WASHINGTON -- James Carville, ferociously partisan, seldom fires
on a fellow Democrat. Nevertheless, he was not pleased by Al Gore's
performance in Memphis last weekend. "I've heard of political consultants
(who) advise a candidate to go negative on another candidate," Carville said
on CNN's "Crossfire." "This is the first time I've seen a candidate go
negative on a political consultant."
At a three-day "retreat" with carefully selected donors and
fund-raisers, Gore delivered an extraordinary explanation for why he is not
president of the United States. He would "shed the constraint" on him
imposed by consultants if he runs in 2004. In other words, bad advice -- not
the candidate himself -- lost the election. While that triggered a standing
ovation from diehard supporters in Memphis, it has not played well across
the country as Democratic activists chewed over comments by their once and
possibly future leader.
Their conclusion: It was the same old Gore, re-inventing
himself. He had trumped his ace, obscuring his frontal attack on George W.
Bush's presidency with meditations on an old campaign. Democratic despair is
that Gore, relying mainly on name identification, may sweep through a
foreshortened primary election schedule as a second-chance nominee who may
repeat the failures of William Jennings Bryan and Adlai E. Stevenson.

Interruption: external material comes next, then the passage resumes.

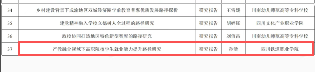 近日,四川高等职业教育研究中心公布了第四届职业教育研究优秀成果评奖结果。beat365机车车辆学院教师孙活、张永昂主持的《产教融合视域下高职院校学生就业能力提升路径研究》研究成果,从众多优秀成果中脱颖而出,荣获四川高等职业教育研究中心第四届职业教育研究优秀成果奖三等奖。

The gathering in Memphis was an indication of how far Gore has
traveled down the road toward another candidacy. Some 60 men and women there
were not invited for political sagacity but for their bank accounts and
their loyalty to the former vice president. It is remarkable that in facing
so docile an audience, he felt compelled to put the blame for the 2000
outcome on somebody else.
Gore named no names, but the consensus is that he was pointing
at Bob Shrum and Tad Devine, partners in a Washington-based consulting firm
with a consistent record of success. Shrum and Devine have had little
contact with Gore since working for him in 2000, but they have refused to
utter a word critical of their former client. When I asked Devine whether he
was Gore's target, Devine replied: "I just don't want to get into that.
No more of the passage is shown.